Her last sight had been blurred by darkness, smog and weapon discharge, but it had been enough: they had been crawling all over it, like hornets around a spider, gorging themselves on it, ripping into it, tearing up the ancient metal in slivers and hurling it aside. She’d seen one of the pilots being taken out, dragged from the cockpit window. He’d been shrieking like a maddened animal, and his primal fear had echoed out into the endless dark.
She hadn’t watched after that, but his screaming had continued for a long time. She’d crawled away, dropping to all fours, barely able to think at all. Her mind raced, filled with thoughts of wrongdoing, shame, horror, fear. Every shallow deed, every casual lie, rose to the surface like scum on boiling water, crowding out her waking mind and making the very air she breathed a nightmare.
They hadn’t come for her after that– they had other, more worthy prey.
So she’d shivered in the dark alone, cowering, drooling, shaking.
The shadow rose above her silently. She didn’t notice it at first – it was just one more clot of blackness in the shifting, flickering war-hell of the tunnels. When she finally felt the presence close by, she didn’t even lift her weapon. She looked up with the
expectation of finding death at last, and was disappointed to see that she wouldn’t be getting that.
‘Khadi,’ said Marivo. ‘Shula Khadi.’
He was unsteady on his feet, but his lasgun was still in his hand. She could see the charge meter flashing for near-empty. His visor was broken, exposing part of his haggard face.
She looked up at him stupidly, too weak to say anything. Her hands shook, and she let them.
He squatted beside her. His movements gave away fatigue – he was no longer striding out with the light of the Emperor in his eyes.
‘Badly hurt?’ he asked. A long way down the tunnels, fresh explosions blossomed, briefly flooding the scene in bright orange light. Then it faded away, replaced by the flickering dark once more.

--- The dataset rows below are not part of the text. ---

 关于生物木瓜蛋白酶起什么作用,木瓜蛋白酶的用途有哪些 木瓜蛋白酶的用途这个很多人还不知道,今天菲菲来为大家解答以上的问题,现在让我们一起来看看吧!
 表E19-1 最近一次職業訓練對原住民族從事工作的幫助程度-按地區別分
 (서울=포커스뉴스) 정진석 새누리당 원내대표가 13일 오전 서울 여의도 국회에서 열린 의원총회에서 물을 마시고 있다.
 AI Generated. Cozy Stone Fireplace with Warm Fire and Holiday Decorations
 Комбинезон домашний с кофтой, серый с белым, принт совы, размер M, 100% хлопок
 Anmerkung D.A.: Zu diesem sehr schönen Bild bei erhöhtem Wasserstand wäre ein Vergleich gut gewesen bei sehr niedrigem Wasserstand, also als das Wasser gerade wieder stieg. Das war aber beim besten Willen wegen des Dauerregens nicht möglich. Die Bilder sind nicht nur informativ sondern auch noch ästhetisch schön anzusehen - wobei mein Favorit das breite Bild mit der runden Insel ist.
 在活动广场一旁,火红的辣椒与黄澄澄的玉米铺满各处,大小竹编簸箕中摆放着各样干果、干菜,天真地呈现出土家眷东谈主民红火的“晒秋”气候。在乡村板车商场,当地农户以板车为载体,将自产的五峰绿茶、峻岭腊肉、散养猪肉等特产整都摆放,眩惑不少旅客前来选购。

Khadi didn’t know how to reply. Physically, she’d been worse. Mentally – that was different.
I saw them come. I saw them take it apart.

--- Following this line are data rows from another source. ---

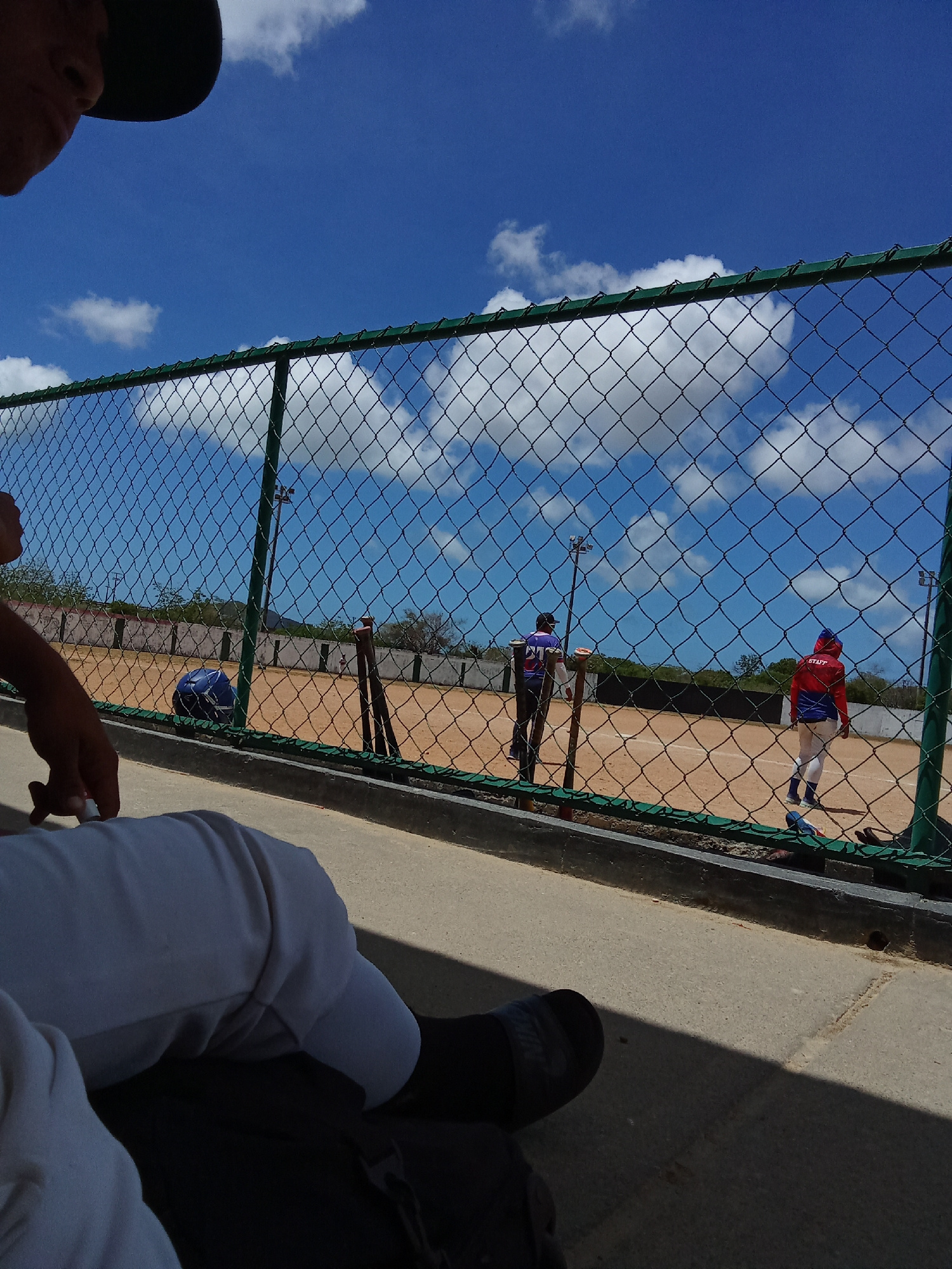 A person is observing a baseball field through a chain-link fence. Two individuals wearing baseball uniforms are on the field. One individual is wearing a purple and black uniform and another person i…read more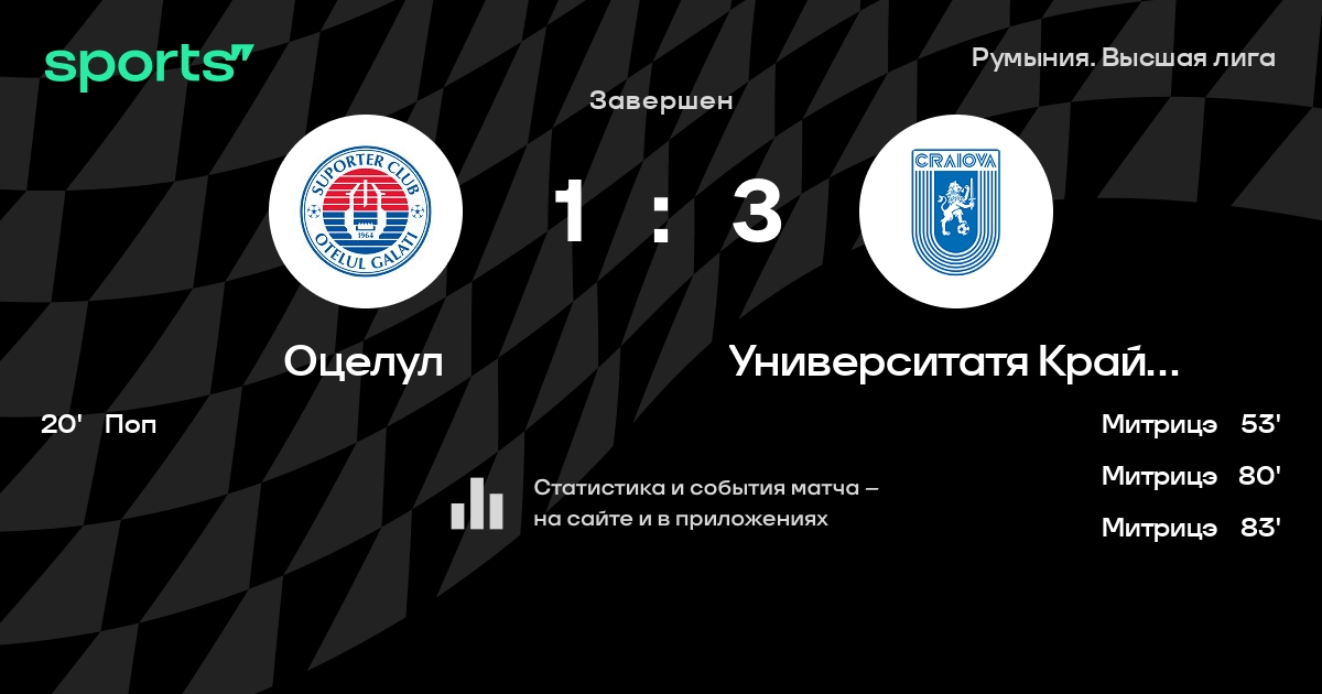 Оцелул – КСУ Крайова: КСУ Крайова не пропускает в 3 последних матчах против этого соперника
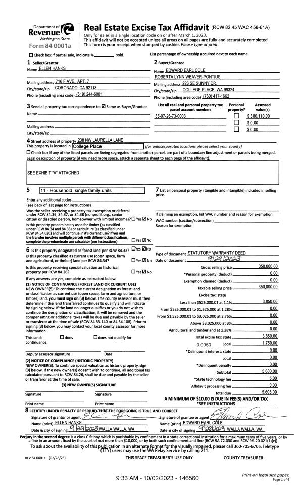 | 2 | 10/02/2023 | SWD | STATUTORY WARRANTY DEED | HANKS ELLEN | COLE EDWARD EARL & | | | $350,000.00 | 146560 | 2023-05751 |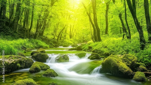 © Gerbang, Obraz premium Serene Stream in Lush Forest

Marivo looked hard at her, lifting up her chin with his fingertip and staring directly into her eyes.
‘Can you move?’ he asked. ‘We need to pull back. We need to get out. Can you move?’
She saw the daemon’s eyes hovering in front of her, like a mirage. They stayed there, even when she closed her eyes and screwed them tight. Those eyes made her want to scream, though she’d already done so much of that that her throat was hoarse and raw.
Marivo grasped her shoulder, shaking her a little. His movements were urgent, and a little too quick. He was scared too.
‘Shula, look at me,’ he said. ‘Look at me. They’ve got the Warhounds. They’re tearing up the tanks. We have to pull back.’
Somehow, then, swimming from somewhere deep inside, Khadi felt a smile flicker across her chapped lips.
‘I’m beginning to like you, Marivo,’ she said, stuttering over the words. Her throat constricted as she spoke, as if the muscles had forgotten how to work properly. ‘You’re learning.’
Marivo didn’t smile.
‘I’m glad,’ he said. ‘Really. But now we have to move.’